Pardon Me Boy, Is This the Uranus Station?

By Len Wallick

Uranus stations retrograde today on the Aries Point: in the first degree of the first cardinal sign Aries, at about 16:49 UTC (12:49 pm on the East Coast of the United States). All planets are subject to retrograde motion, which is when they appear to move backwards for a few weeks or months. In the case of Uranus, a fairly distant planet, this is an illusion caused by the Earth’s movement: the Earth is getting between Uranus and the Sun, and as a result, Uranus appears to be moving against the usual direction of the planets.

There are many interpretations for retrogrades. It usually depends on the planet, the circumstance and the astrologer. We’re the most familiar with Mercury retrograde, which has some qualities we all agree exist. With outer planets the effect is subtler, and today we get to experience such an event (which will last about five months, as it does every year). Uranus stations retrograde this year in the midst of two eclipses: a partial lunar eclipse on June 26 and the total solar eclipse on July 11. It is also a milestone event in the continuous but evolving cardinal point T-square, a long continuum spanning through 2017.

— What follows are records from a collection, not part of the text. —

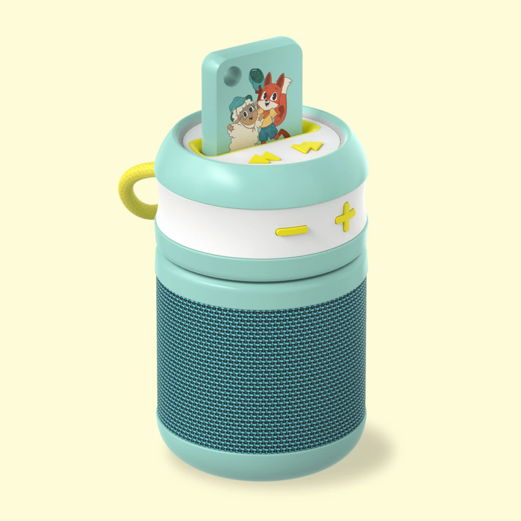 Audio-Token abspielt. Keine Internetverbindung oder App werden benötigt. Die magnetischen Audio‑Token rasten kinderleicht im Player ein und die Inhalte werden sofort abgespielt. Am Player können die Lautstärke verändert und Inhalte vor- und zurückgespult werden. Toll gelöst ist die Twist’n’Go-Funktion, mit der sich ein Teil des Players, der zwei Kopfhöreranschlüsse besitzt, vom Lautsprecher trennen lässt.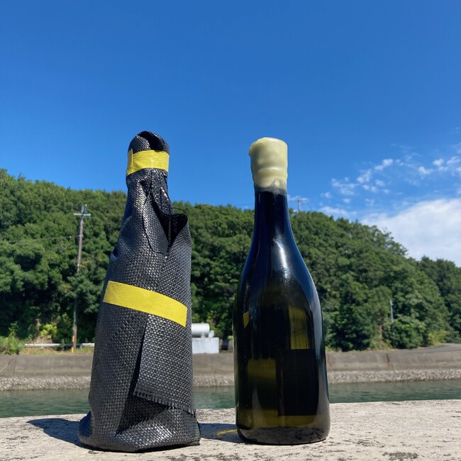 海底熟成酒用に、通常より厚めの水圧に耐えられる瓶を使用しております。金属の栓は海水で錆びてしまう事から、プラスチックのものを使用しさらに蝋で密封、また紫外線による風味劣化防止と生物の付着を避ける為一本一本カバーを巻いております。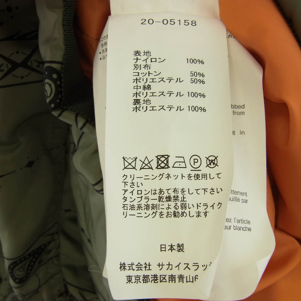 | 商品名 | Sacai サカイ 20-05158 Dr. Woo Bandana Print Blouson ドクターウー バンダナ プリント ブルゾン カーキ系 2【中古】 |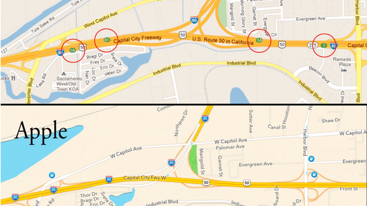 Here's a new one from the world of whacky maps brought to you courtesy of Apple. It turns out that Apple's maps in iOS 6 -- which has brought images such as this wobbly rendition of New York's Williamsburg Bridge, and this free-falling road over the Hoover Dam -- is anything but helpful when you want to get off the Interstate? Which Interstate? Well, any of the ones we looked at, from California to New Jersey. Just check out the maps above, which shows Interstate 80 and U.S. Route 50 near Sacramento. Google maps shows the exits; Apple's doesn't.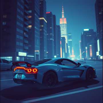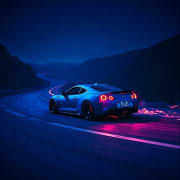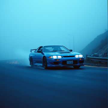 blue Nissan Silvia S15, female street racer, night mountain road, drifting, sparks from tires, motion blur, dynamic pose, wind blowing hair, neon lights reflection, racing suit, serious expression, cool attitude, foggy forest background, cinematic lighting, headlights on, glowing brake discs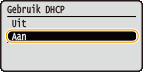 Als u het apparaat uit- en weer inschakelt, wordt een ander IP-adres dan het huidige toegewezen. Dit kan het afdrukken deactiveren. Om DHCP te gebruiken, geeft u één van de volgende instellingen op nadat u de netwerkbeheerder hebt geraadpleegd.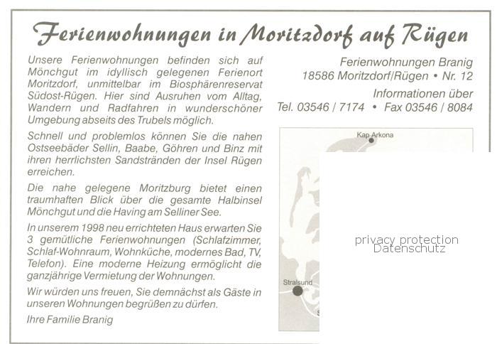 73754945 Baabe Ostseebad Ruegen Having am Selliner See Ferienwohnungen in Moritzdorf postalisch nicht gelaufen Werbekarte (keine Postkarte) Erhaltung siehe scans [FriedD77] KatCode: 11110013061003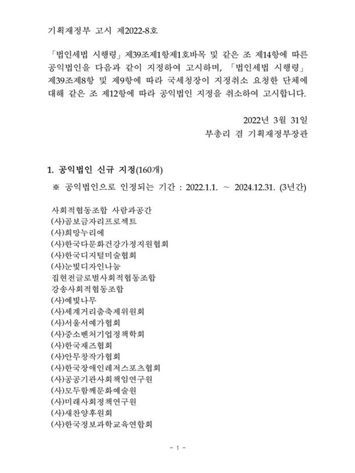 기획재정부 고시 제 2022-8호

Our objectives today are two. First, to place this retrograde station in the context of the big picture. Second to begin an interpretation of its synchronicity using both long term and immediate aspects. It may do well to begin with where we left off last week since the co-incidence of two continuous phenomena is still taking place.

The axis of the recent lunar eclipse was along the early degrees of the cardinal signs, Cancer and Capricorn. The eclipse therefore made aspects to Mercury (conjunct the Sun) and Pluto (conjunct the Moon) and was perpendicular (or square) to the conjunction of Uranus and Jupiter in Aries opposing Saturn in the late degrees of Virgo. The net result was that the long-term cardinal T-square was transformed short-term into a grand cardinal cross involving both luminaries, five major planets and the lunar nodes.

It is as if the superimposition of the eclipse axis represented a climax concluding one movement of a symphony. If that analogy can be accepted, then today’s retrograde station may well be a candidate for the beginning of the next movement, starting a theme to be further developed as time goes on.